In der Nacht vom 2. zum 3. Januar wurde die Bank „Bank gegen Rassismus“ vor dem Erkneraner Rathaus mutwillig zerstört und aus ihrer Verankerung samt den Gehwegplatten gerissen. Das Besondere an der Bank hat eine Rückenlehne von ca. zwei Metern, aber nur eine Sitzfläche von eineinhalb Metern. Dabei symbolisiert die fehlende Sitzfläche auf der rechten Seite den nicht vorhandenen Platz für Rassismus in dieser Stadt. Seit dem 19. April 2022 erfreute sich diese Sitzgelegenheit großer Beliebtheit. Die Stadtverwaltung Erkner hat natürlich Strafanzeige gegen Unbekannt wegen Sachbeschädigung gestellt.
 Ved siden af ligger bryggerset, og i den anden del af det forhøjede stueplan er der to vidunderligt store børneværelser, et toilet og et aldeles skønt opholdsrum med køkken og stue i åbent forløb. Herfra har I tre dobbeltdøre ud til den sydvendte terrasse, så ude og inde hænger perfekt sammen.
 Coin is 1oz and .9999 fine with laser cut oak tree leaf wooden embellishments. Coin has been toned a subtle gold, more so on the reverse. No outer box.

------------------------------------------------------------

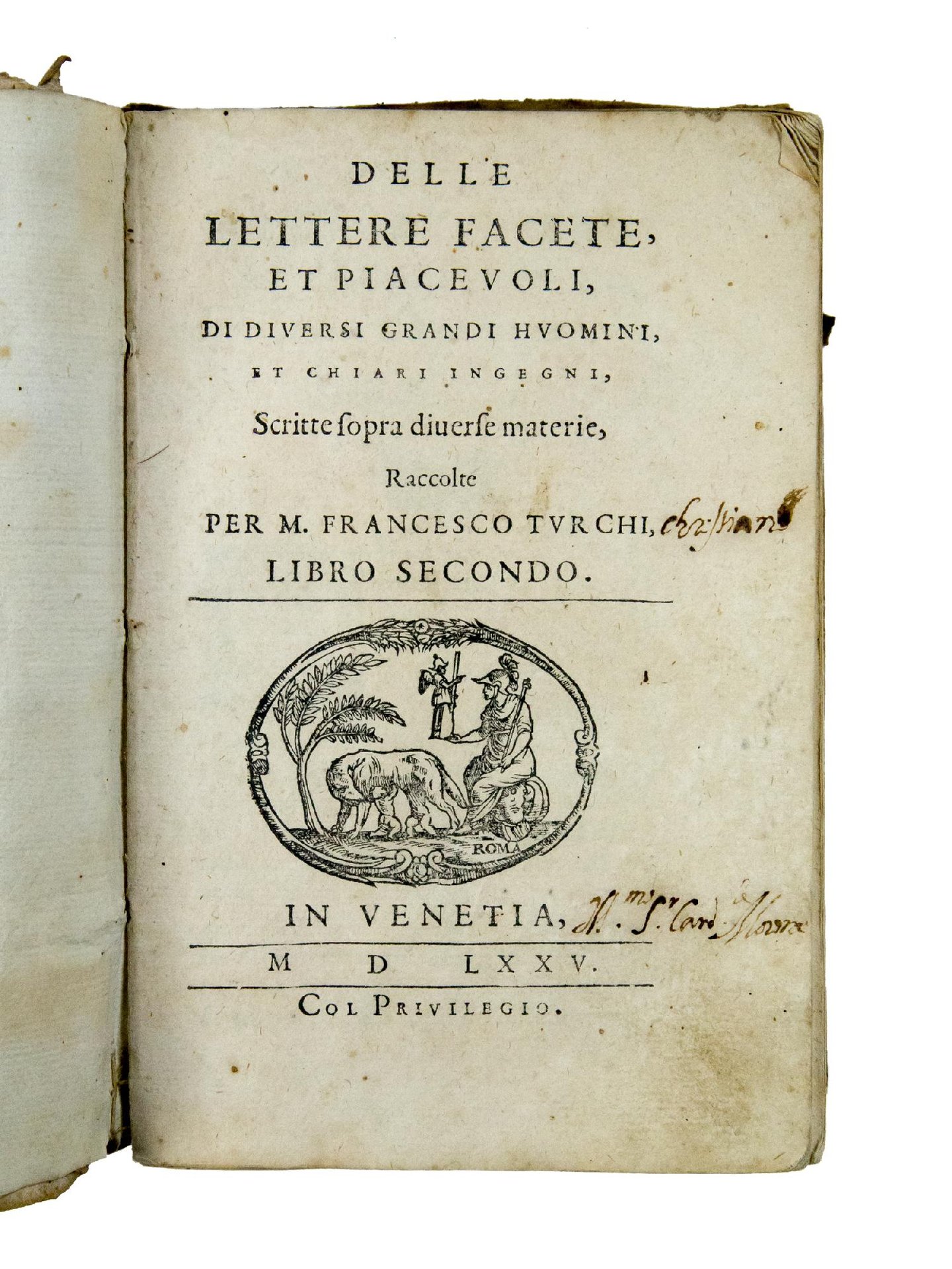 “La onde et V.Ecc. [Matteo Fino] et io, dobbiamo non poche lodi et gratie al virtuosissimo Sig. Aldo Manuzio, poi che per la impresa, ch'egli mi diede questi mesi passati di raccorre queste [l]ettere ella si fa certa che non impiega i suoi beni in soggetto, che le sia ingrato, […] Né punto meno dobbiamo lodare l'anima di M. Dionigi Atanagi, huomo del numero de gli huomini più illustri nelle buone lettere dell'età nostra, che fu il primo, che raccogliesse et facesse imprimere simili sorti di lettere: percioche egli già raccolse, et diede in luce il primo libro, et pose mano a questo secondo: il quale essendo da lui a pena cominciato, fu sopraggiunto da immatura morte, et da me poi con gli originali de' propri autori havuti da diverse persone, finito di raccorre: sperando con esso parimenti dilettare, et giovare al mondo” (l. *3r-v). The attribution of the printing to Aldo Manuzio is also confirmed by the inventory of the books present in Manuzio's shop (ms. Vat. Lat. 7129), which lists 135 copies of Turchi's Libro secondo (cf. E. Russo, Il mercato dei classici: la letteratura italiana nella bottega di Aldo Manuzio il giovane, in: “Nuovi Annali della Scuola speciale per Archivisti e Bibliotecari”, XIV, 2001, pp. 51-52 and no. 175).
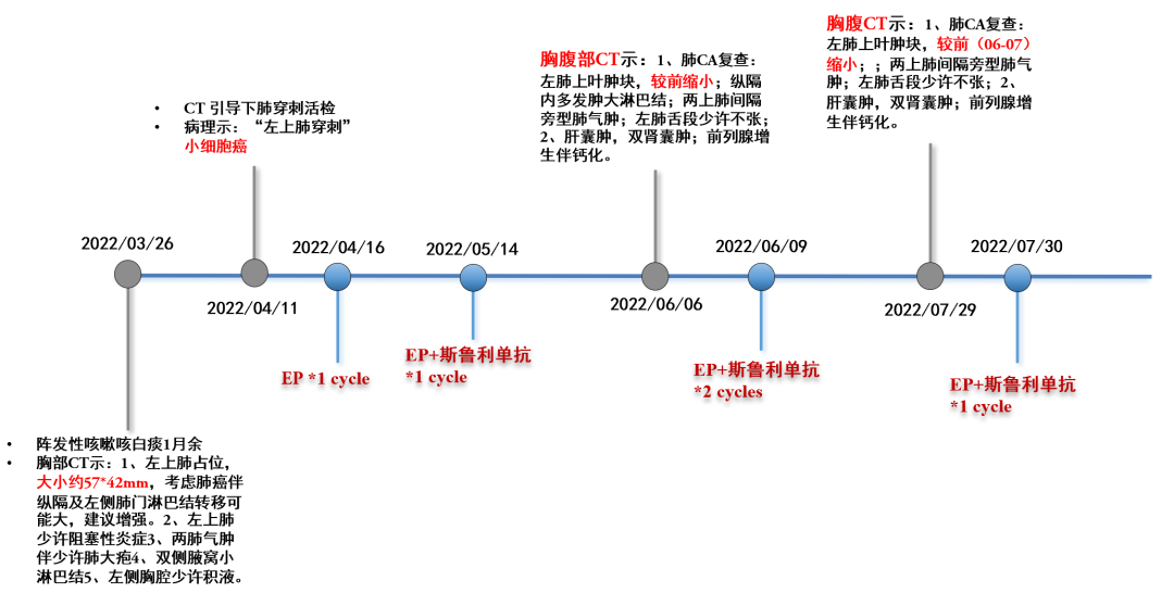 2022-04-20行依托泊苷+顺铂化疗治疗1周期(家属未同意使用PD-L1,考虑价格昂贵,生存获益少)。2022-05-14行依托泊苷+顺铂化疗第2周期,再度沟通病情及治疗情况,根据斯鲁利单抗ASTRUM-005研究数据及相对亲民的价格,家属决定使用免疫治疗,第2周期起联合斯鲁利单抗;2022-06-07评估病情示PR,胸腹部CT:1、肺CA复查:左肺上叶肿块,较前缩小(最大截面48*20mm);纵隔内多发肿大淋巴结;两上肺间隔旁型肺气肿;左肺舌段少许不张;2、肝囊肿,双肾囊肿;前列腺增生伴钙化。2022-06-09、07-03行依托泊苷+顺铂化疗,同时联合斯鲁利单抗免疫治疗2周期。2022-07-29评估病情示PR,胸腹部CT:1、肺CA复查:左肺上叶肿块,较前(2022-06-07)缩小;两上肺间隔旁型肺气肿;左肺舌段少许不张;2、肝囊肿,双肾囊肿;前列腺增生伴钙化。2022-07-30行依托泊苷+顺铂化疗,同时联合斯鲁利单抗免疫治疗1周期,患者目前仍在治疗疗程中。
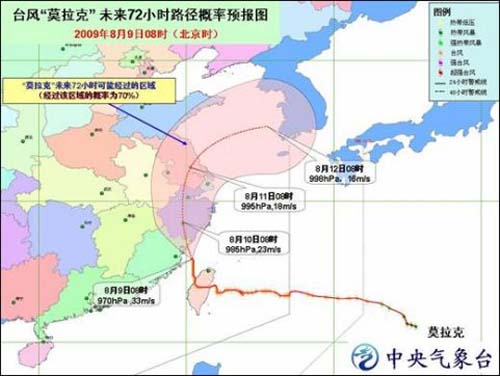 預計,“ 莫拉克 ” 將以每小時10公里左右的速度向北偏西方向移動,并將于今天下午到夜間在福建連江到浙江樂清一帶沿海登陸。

------------------------------------------------------------

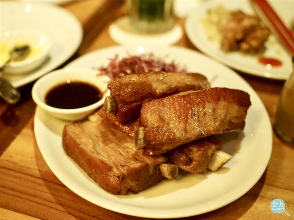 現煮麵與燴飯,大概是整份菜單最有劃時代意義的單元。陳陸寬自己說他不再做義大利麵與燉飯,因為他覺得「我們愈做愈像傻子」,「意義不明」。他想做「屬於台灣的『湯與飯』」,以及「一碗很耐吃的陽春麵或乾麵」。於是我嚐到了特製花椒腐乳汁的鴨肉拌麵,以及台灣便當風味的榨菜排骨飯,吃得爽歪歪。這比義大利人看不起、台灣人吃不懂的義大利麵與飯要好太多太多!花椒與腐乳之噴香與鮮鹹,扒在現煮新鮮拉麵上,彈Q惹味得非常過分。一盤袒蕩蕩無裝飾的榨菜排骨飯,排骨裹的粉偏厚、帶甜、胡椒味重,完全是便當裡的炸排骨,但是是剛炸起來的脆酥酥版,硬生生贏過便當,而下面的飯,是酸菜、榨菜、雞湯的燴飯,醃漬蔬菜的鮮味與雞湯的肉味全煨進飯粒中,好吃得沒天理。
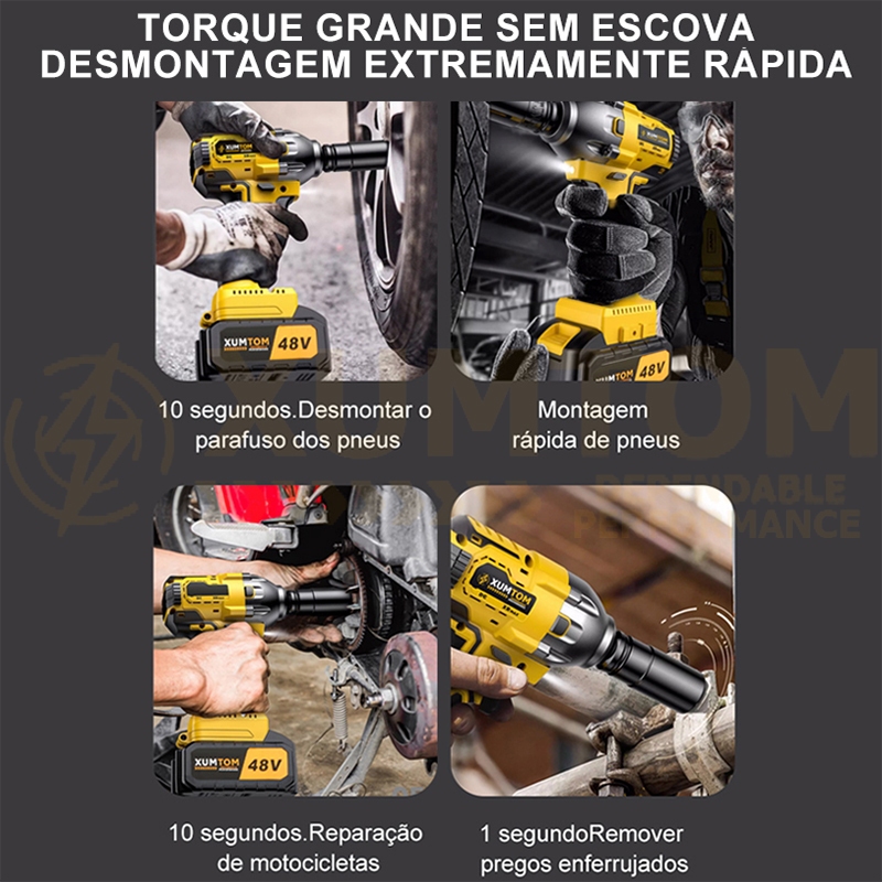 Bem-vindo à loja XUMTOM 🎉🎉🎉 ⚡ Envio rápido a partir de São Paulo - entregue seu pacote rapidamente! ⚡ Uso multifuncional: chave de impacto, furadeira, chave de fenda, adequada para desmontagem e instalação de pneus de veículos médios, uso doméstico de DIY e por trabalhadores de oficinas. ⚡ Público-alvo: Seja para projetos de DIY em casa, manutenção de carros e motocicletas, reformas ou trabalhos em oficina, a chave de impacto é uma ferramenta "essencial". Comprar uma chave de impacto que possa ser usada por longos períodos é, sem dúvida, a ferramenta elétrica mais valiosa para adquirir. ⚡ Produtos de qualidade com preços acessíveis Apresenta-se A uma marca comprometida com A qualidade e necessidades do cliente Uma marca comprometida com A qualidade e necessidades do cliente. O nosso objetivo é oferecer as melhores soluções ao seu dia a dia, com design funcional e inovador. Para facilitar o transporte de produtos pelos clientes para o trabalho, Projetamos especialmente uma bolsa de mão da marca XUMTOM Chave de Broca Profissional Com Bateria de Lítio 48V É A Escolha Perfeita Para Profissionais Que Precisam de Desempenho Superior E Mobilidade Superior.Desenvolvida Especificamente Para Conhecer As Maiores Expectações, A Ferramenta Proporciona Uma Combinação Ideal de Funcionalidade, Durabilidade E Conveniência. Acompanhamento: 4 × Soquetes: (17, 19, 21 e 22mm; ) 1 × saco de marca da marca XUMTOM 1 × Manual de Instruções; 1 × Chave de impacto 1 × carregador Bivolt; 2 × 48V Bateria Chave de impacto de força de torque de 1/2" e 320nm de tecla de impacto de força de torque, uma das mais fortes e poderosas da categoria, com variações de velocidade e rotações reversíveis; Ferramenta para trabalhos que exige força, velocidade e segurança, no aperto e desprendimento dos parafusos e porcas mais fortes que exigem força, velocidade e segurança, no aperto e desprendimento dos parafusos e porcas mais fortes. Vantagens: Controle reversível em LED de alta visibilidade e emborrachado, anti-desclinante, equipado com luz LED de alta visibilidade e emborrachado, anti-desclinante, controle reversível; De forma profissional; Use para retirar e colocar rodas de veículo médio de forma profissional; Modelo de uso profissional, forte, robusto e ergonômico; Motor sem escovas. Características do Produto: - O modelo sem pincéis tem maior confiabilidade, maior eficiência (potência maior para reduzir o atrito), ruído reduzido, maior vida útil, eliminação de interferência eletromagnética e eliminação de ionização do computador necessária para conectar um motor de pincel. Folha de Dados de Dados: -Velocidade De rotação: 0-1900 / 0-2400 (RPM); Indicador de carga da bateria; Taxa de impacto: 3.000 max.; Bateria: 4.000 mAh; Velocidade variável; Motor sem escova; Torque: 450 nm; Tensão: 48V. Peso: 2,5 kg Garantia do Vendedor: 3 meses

------------------------------------------------------------

> _WHAT YOU HAVE TO DO_
Since only part of the listing is wanted, copy exactly the lines from the one holding "In der Nacht" to the one holding "Coin is 1oz", both included.

> _RESULT_
In der Nacht vom 2. zum 3. Januar wurde die Bank „Bank gegen Rassismus“ vor dem Erkneraner Rathaus mutwillig zerstört und aus ihrer Verankerung samt den Gehwegplatten gerissen. Das Besondere an der Bank hat eine Rückenlehne von ca. zwei Metern, aber nur eine Sitzfläche von eineinhalb Metern. Dabei symbolisiert die fehlende Sitzfläche auf der rechten Seite den nicht vorhandenen Platz für Rassismus in dieser Stadt. Seit dem 19. April 2022 erfreute sich diese Sitzgelegenheit großer Beliebtheit. Die Stadtverwaltung Erkner hat natürlich Strafanzeige gegen Unbekannt wegen Sachbeschädigung gestellt.
 Ved siden af ligger bryggerset, og i den anden del af det forhøjede stueplan er der to vidunderligt store børneværelser, et toilet og et aldeles skønt opholdsrum med køkken og stue i åbent forløb. Herfra har I tre dobbeltdøre ud til den sydvendte terrasse, så ude og inde hænger perfekt sammen.
 Coin is 1oz and .9999 fine with laser cut oak tree leaf wooden embellishments. Coin has been toned a subtle gold, more so on the reverse. No outer box.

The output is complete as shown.